An offload device including the determination unit and the matrix calculation unit, and
A processor that executes a control program for controlling the offload device, and
A memory for storing the control program and the matrix calculation result by the matrix calculation unit, and
An arithmetic unit characterized by having.

The arithmetic unit according to claim 10.
The offload device includes a generation unit that generates log data indicating the execution content of the determination unit.
The memory stores log data generated by the generation unit.
An arithmetic unit characterized by that.

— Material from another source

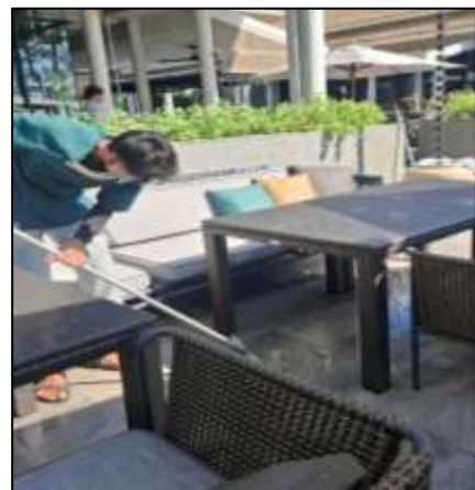
ภาพที่ 2-29 การทำความสะอาดพื้นที่โครงการ
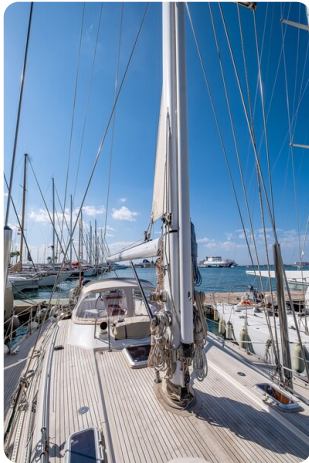
Indigo - Palma -6

An arithmetic method performed by an arithmetic unit that has access to a storage device that stores matrix data.
The arithmetic unit
When the subcolumn size, which is the number of columns in the row direction of the submatrix that is the division unit of the matrix data, is increased and the subcolumn size after the increase becomes equal to or greater than the number of a plurality of multipliers, the subcolumn before the increase Based on the size and the number of the plurality of multipliers, the partial row size, which is the number of rows in the column direction of the submatrix, is obtained, and the shape of the submatrix composed of the submatrix size and the partial row size. Decide,
A first submatrix having the determined shape among the first matrix data stored in the storage device, which has the plurality of multipliers and the plurality of adders, and a first submatrix stored in the storage device. The product-sum operation of the second submatrix of the determined shape of the two matrix data is executed.
A calculation method characterized by that.